Exercise data:
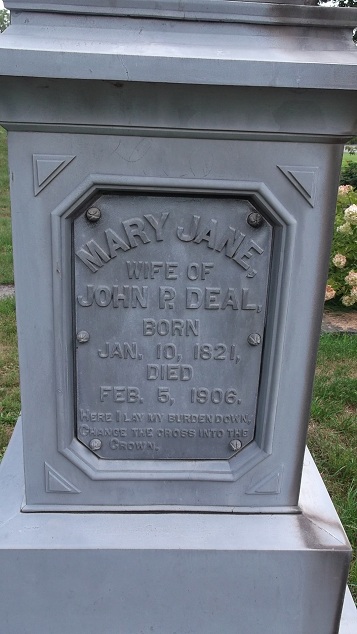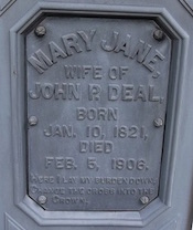 ⁷Mary Jane's birthdate is incorrect, which is strange because she is Alberta's grandmother; Mary Jane Williams was actually born on 10 Jan 1821 in Canoga, Seneca County, New York (according to her gravestone in the Hause Point Cemetery, at left), and died on 5 Feb 1906 in Canoga, Seneca County, New York. She married John Peter Deal 17 Dec 1843 in Seneca County, New York. He was the son of Solomon Deal and Anna Wichtermann, born on 22 Jan 1822 in Seneca County, New York, and died on 24 Jun 1885 in Seneca County. I would submit that the last person whose birthday Alberta Reeder would get wrong in this family history would be her grandmother.
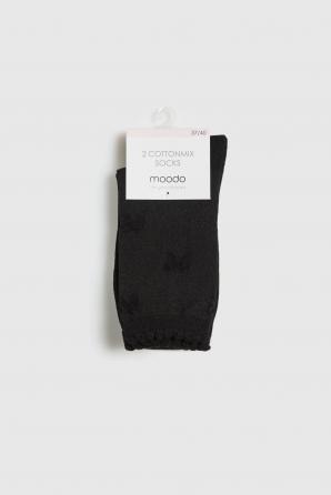 75% BAVLNA, 22% POLYESTER, 3% ELASTAN. Tyto černé dámské ponožky po kotníky se vyznačují jedinečným vzorem a decentními ozdobnými manžetami. Jsou vyrobeny z měkké bavlny s přídavkem strečových vláken, poskytují pohodlí, prodyšnost a odolnost. Jsou perfektní volbou pro každodenní nošení do práce, na vysokou školu nebo na procházku. Perfektně se hodí ke klasickým džínům, midi šatům a teniskám. Stylový doplněk, který pozvedne každý ležérní outfit.
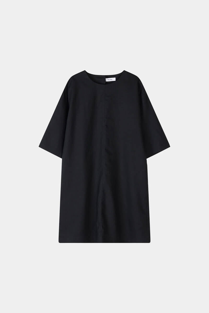 Sini Dress är en stilren och luftig klänning tillverkad i svalt linne som ger ett naturligt och elegant fall. Den boxiga siluetten skapar en avslappnad men samtidigt strukturerad form som gör klänningen både bekväm och tidlös.
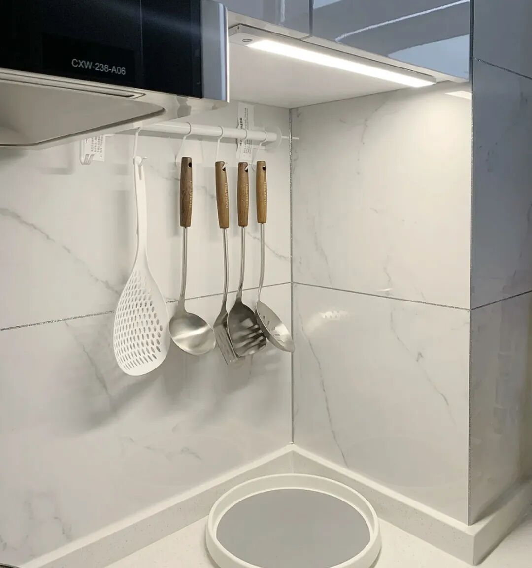 跟玄关处波纹灯不同的是,这个是手扫的,就是做饭时,手在灯下挥一下,就自动亮了,用完后,再挥一次,自动就灭了,不是那种人体感应的,更符合做饭的场景。
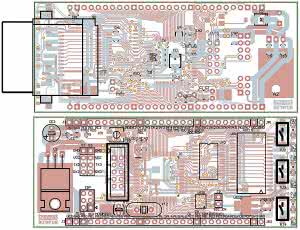Moduł zmontowany jest na dwustronnej płytce drukowanej, której schemat montażowy pokazano na rysunku 2. Rozstaw złącz krawędziowych umożliwia montaż modułu w typowych płytkach stykowych lub prototypowych, sposób i strona montażu złącz zależy od preferencji i zastosowań. Osobiście preferuje długie złącza SIL i wlutowanie ich tak, aby wyprowadzenia były dostępne z obu stron płytki.
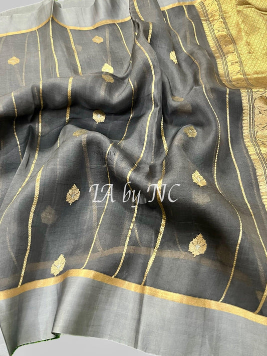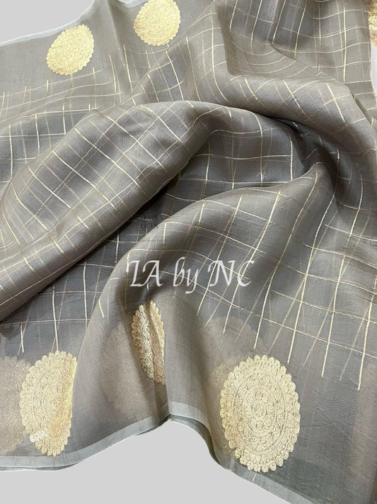 Mink Grey Banarasi Pure Kora Organza Saree

What you will do:
The whole listing above, minus its pictures, is what you should write out word for word.

Output below:
 ⁷Mary Jane's birthdate is incorrect, which is strange because she is Alberta's grandmother; Mary Jane Williams was actually born on 10 Jan 1821 in Canoga, Seneca County, New York (according to her gravestone in the Hause Point Cemetery, at left), and died on 5 Feb 1906 in Canoga, Seneca County, New York. She married John Peter Deal 17 Dec 1843 in Seneca County, New York. He was the son of Solomon Deal and Anna Wichtermann, born on 22 Jan 1822 in Seneca County, New York, and died on 24 Jun 1885 in Seneca County. I would submit that the last person whose birthday Alberta Reeder would get wrong in this family history would be her grandmother.
 75% BAVLNA, 22% POLYESTER, 3% ELASTAN. Tyto černé dámské ponožky po kotníky se vyznačují jedinečným vzorem a decentními ozdobnými manžetami. Jsou vyrobeny z měkké bavlny s přídavkem strečových vláken, poskytují pohodlí, prodyšnost a odolnost. Jsou perfektní volbou pro každodenní nošení do práce, na vysokou školu nebo na procházku. Perfektně se hodí ke klasickým džínům, midi šatům a teniskám. Stylový doplněk, který pozvedne každý ležérní outfit.
 Sini Dress är en stilren och luftig klänning tillverkad i svalt linne som ger ett naturligt och elegant fall. Den boxiga siluetten skapar en avslappnad men samtidigt strukturerad form som gör klänningen både bekväm och tidlös.
 跟玄关处波纹灯不同的是,这个是手扫的,就是做饭时,手在灯下挥一下,就自动亮了,用完后,再挥一次,自动就灭了,不是那种人体感应的,更符合做饭的场景。
Moduł zmontowany jest na dwustronnej płytce drukowanej, której schemat montażowy pokazano na rysunku 2. Rozstaw złącz krawędziowych umożliwia montaż modułu w typowych płytkach stykowych lub prototypowych, sposób i strona montażu złącz zależy od preferencji i zastosowań. Osobiście preferuje długie złącza SIL i wlutowanie ich tak, aby wyprowadzenia były dostępne z obu stron płytki.
 Mink Grey Banarasi Pure Kora Organza Saree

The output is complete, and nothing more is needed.